2007 Detroit Auto Show: Ford Rolls Out Plug in H2 Car
DETROIT, Jan. 10, 2007 (FCN) -- Continuing its commitment to exploring alternative powertrains, Ford Motor Company debuted a hydrogen-fueled, battery-powered plug-in in the new Airstream concept vehicle earlier this week at the North American International Auto Show.
The system, called HySeries Drive™, is powered by a 336-volt lithium-ion battery pack at all times and has a range of 25 miles on a full electric power. Once the battery pack is depleted by about 40 percent, the hydrogen-powered fuel cell begins generating electricity to recharge the batteries, increasing range another 280 miles, for a total driving range of more than 300 miles.

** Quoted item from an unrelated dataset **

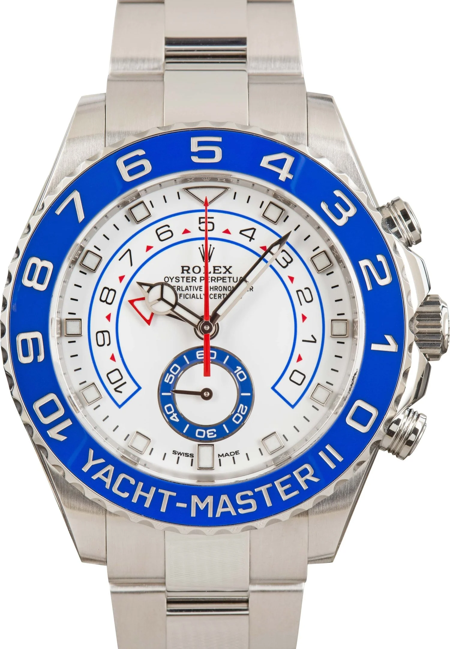 Why We Love This Watch This pre-owned Rolex Yacht-Master II ref. 116680 (2014) is a bold 44 mm stainless steel timepiece, featuring a striking blue Cerachrom bezel and a white Chromalight dial with luminous blue hands and hour markers for exceptional legibility. Designed for regatta timing, this watch includes a programmable countdown with mechanical memory and a flyback function. Fitted with a robust Oyster bracelet, it ensures both comfort and security on the wrist. Powered by Rolex Caliber 4161, this Yacht-Master II delivers precision, reliability, and a commanding presence for sailing enthusiasts and collectors alike. WATCH DETAILS BRAND Rolex MODEL NAME Yacht-Master II COLLECTION Yacht-Master MODEL NUMBER 116680 YEAR 2014 ITEM NUMBER 184344 PL CONDITION Excellent GENDER Mens BOX & PAPERS Box and Papers CASE MATERIAL Stainless Steel CRYSTAL Sapphire SIZE 44MM BEZEL Stainless Steel Ceramic CASEBACK Solid SERIAL 9G617XXX DIAL White w/ Luminous hour markers, Chromalight hands & Chromalight lume MOVEMENT CALIBRE 4161 TYPE Automatic BEZEL Positional COMPLICATION No Date BRACELET MATERIAL Stainless Steel TYPE Oyster CLASP Oysterlock

At home, the battery pack can be refreshed by plugging into a standard outlet. The HySeries Drive powertrain delivers a combined city/highway gasoline equivalent fuel economy rating of 41 miles per gallon and can travel up to 85 miles an hour. "We think one of the benefits of this powertrain is that in the early days of a developing hydrogen infrastructure, you can extend the time between hydrogen fill-ups by plugging in to recharge the batteries," said Scott Staley, chief engineer, Hybrid and Fuel Cell Technology at Ford Motor Company.
Staley says another advantage of the HySeriesDrive is its fuel, engine and energy- conversion flexibility.
"For example, you could take out the fuel cell and replace it with a hydrogen internal combustion engine, or I could replace the fuel cell and hydrogen tank with a diesel tank and a diesel engine," he explained. "And instead of a six- or eight-cylinder engine, I could use a considerably smaller three- or two-cylinder engine as an auxiliary power unit to recharge the battery pack."
The innovative powertrain reduces the size, weight, cost and complexity of a conventional fuel cell system by more than 50 percent. It also promises to more than double the lifetime of the fuel-cell stack.
The HySeries Drive system already is on the road in a Ford Edge prototype, which will be shown publicly for the first time at the Washington, D.C., Auto Show on Jan. 23.